Both Socrates and Bacon were very good at asking useful questions. In fact, Socrates is largely credited with coming up with a way of asking questions, ‘The Socratic Method’, which itself is at the core of the ‘Scientific Method’, popularised by Bacon during ‘The Enlightenment’ – a period of European history when ‘reason’ and ‘faith’ had an almighty bunfight and the balance of power between church, state and citizen was being questioned. Lots of philosophers and scientists challenged the prevailing orthodoxy of religious authority by saying ‘we need to make decisions based on critical thinking, evidence and reasoned debate, not on sacred texts and religious faith’ and the church replied with ‘yes, but we own most of the land, plus people really like the idea of God. Ask them’.
The Socratic Method disproves arguments by finding exceptions to them, and can therefore lead your opponent to a point where they admit something that contradicts their original position. It’s powerful because it kind of gets people to admit to themselves that they’re wrong. It’s also pretty good at exposing your own (as well as others’) prejudices and gaps in reasoning. Lawyers use it a lot. Don’t let this influence you against it. Lawyers also use toilet paper and you’re not about to reject that idea.
Here’s an example.
During excessive bouts of hard and progressive rock emanating my older brothers’ bedrooms my dad used to say, “people only play electric guitars because they can’t play real ones” (by which he meant acoustic guitars played by nice chaps called Julian with sensible haircuts, as apposed to electric guitars played by long haired geezers called Dave and Jimmy).

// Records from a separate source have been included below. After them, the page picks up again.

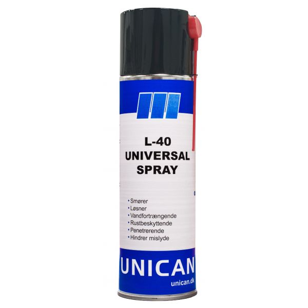 L-40 Universalspray er et 6 i en produkt, udviklet til at kunne løse mange forskellige opgaver overalt i industrien. Produktet indeholder fremragende smørende, rustopløsende, rustbeskyttende og fugtfortrængende egenskaber. L-40 Universalspray har en særdeles god penetrerende og beskyttende effekt, som gør den yderst effektiv til smøring af f.eks. kæder, tandhjul, gear, bremsedele, låse og alle andre former for bevægelige dele. Smører Løsner vandfortrængende Rustbeskyttende Penetrerende Hindrer mislyde Karton 6 stk.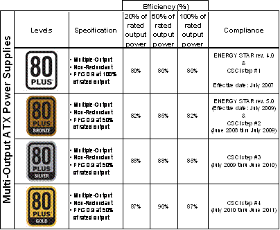 表1:80 PLUS多路输出台式电脑电源能效目标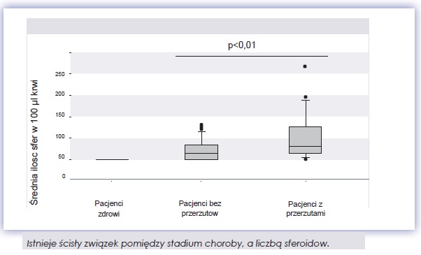 U pacjentek z rakiem piersi, ilość sfer ścisłe koreluje ze stadium choroby. W przypadku zaawansowanego stadium choroby duża cześć krążących komórek nowotworowych mogą stanowić macierzyste komórki nowotworowe. Badając grupę osób zdrowych (grupa kontrolna) nie zaobserwowano wzrostu sferoidow.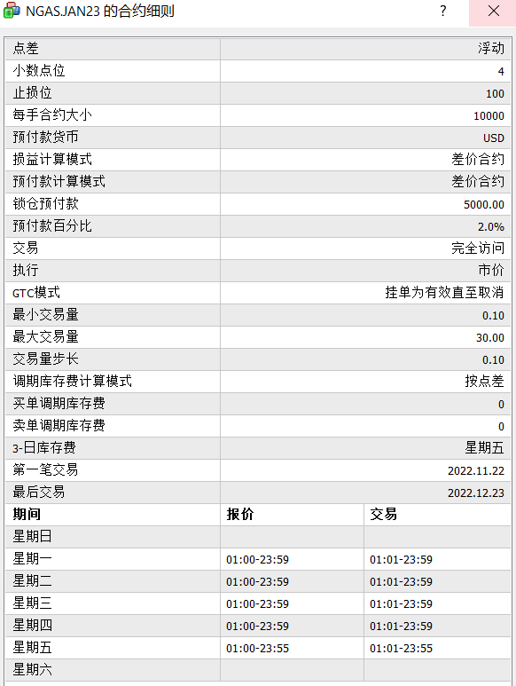 在平台上的合约细则中,也可以查看到美国天然气期货合约到期日,详细如下图: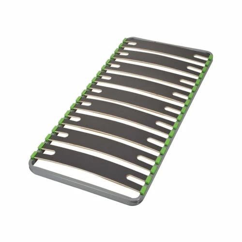 Sommier à lattes Altosenso 90×190 cm.Offre un confort optimal grâce à ses lattes larges. Peut être installé dans un cadre de lit ou directement monté sur pieds.Il est composé de 9 lattes larges multiplis largeur 151 mm, épaisseur 8 mm. Embouts en polypropylène vert. Structure tube métal carré,laqué epoxy coloris gris. Coins arrondis.Poids maximum conseillé : 100kg / place.Dimensions : 88x 188x H4,5 cm.

First step of Socratic method: assume your opponent’s statement is false and find an example to illustrate this. This You Tube clip of Pink Floyd’s David Gilmour playing acoustic guitar for instance. Clearly Dave Gilmour can play a ‘real’ guitar as well as an electric one and my dad must grudgingly accept the fact. At this point dad would assert that Dave Gilmour was ‘the exception that proved the rule’.
Next step. Take your opponent’s original statement and restate it to fit their new modified position. “So, dad, you’re saying that people only play electric guitars because they can’t play acoustic ones, except for Dave Gilmour who can do both?”. Then return to step one.
Ironically this led us to playing dad far more Black Sabbath, Pink Floyd, Aerosmith and Led Zeppelin than if he’d kept his theory to himself. (MTV’s ‘unplugged’ series would become his nemesis). Eventually dad would have to admit the truth – which was not that the rock musicians we listened to weren’t talented, but that he just didn’t like rock music.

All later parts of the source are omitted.